“The Hardest Thing to Direct Was Lunch”
January 7, 2009
While I’m working my way back from a vacation toward some more substantial posts, I thought I’d take a moment to draw attention to this Los Angeles Times piece on the Archive of American Television.
The Archive has done videotaped interviews with over 600 people who worked in early television in various capacities, so they’re obviously operating in the same wheelhouse as this blog. Much of my own research in recent years has focused on oral history. Since it began to emerge on Google Video, the Archive’s output has done a great deal to inspire me, and to validate the methodology that I’ve chosen to pursue.

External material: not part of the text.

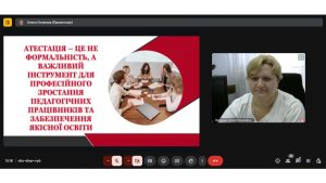 З досвідом роботи атестаційної комісії щодо вивчення атестаційних матеріалів заступника директора ДНЗ «Одеський професійний ліцей сфери послуг Південноукраїнського національного педагогічного університету імені К.Д. Ушинського». Олена Лопакова, голова обласної комісії методистів, методист ДНЗ «Одеський професійний ліцей сфери послуг Південноукраїнського національного педагогічного університету імені К.Д. Ушинського», представила презентацію щодо ключових принципів атестації педагогічних працівників, питань оформлення документів заступників директорів для проходження атестації на відповідність займаній посаді. Дала рекомендації щодо проведення аналізу управлінської діяльності заступника директора ЗП(ПТ)О.

It’s obvious that the Archive is a treasure trove for historians like myself, but many of the interviews are enormously entertaining for the casual spectator too. Often they achieve an intimacy that’s akin to the experience of attending a dinner party and listening to a veteran entertainer hold court with a lifetime of stories. The segments with Andy Griffith, Ed Asner, the actress Maxine Stuart, the director Robert Butler, and the writer Ernest Kinoy all succeed in that way.
My own favorite is probably the interview with John Frankenheimer, who’s such a polished raconteur that I’m surprised he never enjoyed a sideline as a character actor, along the lines of his protege Sydney Pollack. The next time you have fifteen minutes to spare, check out the long anecdote Frankenheimer tells at the beginning of Part 7 of his oral history. It may be the ultimate live television disaster story . . . and it’s never failed to crack up anyone to whom I’ve recommended it.